● BRIEF:
All of the records must come back exactly as they were given.

(Recorded data)
↓↓↓

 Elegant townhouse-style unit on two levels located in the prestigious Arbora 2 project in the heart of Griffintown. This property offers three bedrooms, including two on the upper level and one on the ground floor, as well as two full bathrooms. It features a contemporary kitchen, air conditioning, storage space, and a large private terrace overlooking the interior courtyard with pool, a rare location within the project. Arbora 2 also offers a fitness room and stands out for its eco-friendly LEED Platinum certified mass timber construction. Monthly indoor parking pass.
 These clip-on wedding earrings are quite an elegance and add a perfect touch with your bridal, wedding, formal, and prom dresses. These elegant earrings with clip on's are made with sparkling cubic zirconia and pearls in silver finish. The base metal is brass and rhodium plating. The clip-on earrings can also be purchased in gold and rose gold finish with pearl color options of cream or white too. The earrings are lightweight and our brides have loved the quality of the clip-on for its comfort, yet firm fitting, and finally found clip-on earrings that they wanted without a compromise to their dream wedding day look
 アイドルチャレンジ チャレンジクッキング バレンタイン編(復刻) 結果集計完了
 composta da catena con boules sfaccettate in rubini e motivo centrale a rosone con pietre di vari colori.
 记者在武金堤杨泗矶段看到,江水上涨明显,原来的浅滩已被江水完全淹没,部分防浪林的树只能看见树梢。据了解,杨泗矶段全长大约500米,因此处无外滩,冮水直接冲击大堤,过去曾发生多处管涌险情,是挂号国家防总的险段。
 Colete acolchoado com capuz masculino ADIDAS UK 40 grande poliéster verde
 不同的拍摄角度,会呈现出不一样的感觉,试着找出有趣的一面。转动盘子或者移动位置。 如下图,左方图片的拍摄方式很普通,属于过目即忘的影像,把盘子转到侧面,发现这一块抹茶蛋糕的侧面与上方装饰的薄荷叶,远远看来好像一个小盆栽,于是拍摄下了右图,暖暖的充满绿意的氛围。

↑↑↑

● SOLUTION TO THIS PROBLEM:
 Elegant townhouse-style unit on two levels located in the prestigious Arbora 2 project in the heart of Griffintown. This property offers three bedrooms, including two on the upper level and one on the ground floor, as well as two full bathrooms. It features a contemporary kitchen, air conditioning, storage space, and a large private terrace overlooking the interior courtyard with pool, a rare location within the project. Arbora 2 also offers a fitness room and stands out for its eco-friendly LEED Platinum certified mass timber construction. Monthly indoor parking pass.
 These clip-on wedding earrings are quite an elegance and add a perfect touch with your bridal, wedding, formal, and prom dresses. These elegant earrings with clip on's are made with sparkling cubic zirconia and pearls in silver finish. The base metal is brass and rhodium plating. The clip-on earrings can also be purchased in gold and rose gold finish with pearl color options of cream or white too. The earrings are lightweight and our brides have loved the quality of the clip-on for its comfort, yet firm fitting, and finally found clip-on earrings that they wanted without a compromise to their dream wedding day look
 アイドルチャレンジ チャレンジクッキング バレンタイン編(復刻) 結果集計完了
 composta da catena con boules sfaccettate in rubini e motivo centrale a rosone con pietre di vari colori.
 记者在武金堤杨泗矶段看到,江水上涨明显,原来的浅滩已被江水完全淹没,部分防浪林的树只能看见树梢。据了解,杨泗矶段全长大约500米,因此处无外滩,冮水直接冲击大堤,过去曾发生多处管涌险情,是挂号国家防总的险段。
 Colete acolchoado com capuz masculino ADIDAS UK 40 grande poliéster verde
 不同的拍摄角度,会呈现出不一样的感觉,试着找出有趣的一面。转动盘子或者移动位置。 如下图,左方图片的拍摄方式很普通,属于过目即忘的影像,把盘子转到侧面,发现这一块抹茶蛋糕的侧面与上方装饰的薄荷叶,远远看来好像一个小盆栽,于是拍摄下了右图,暖暖的充满绿意的氛围。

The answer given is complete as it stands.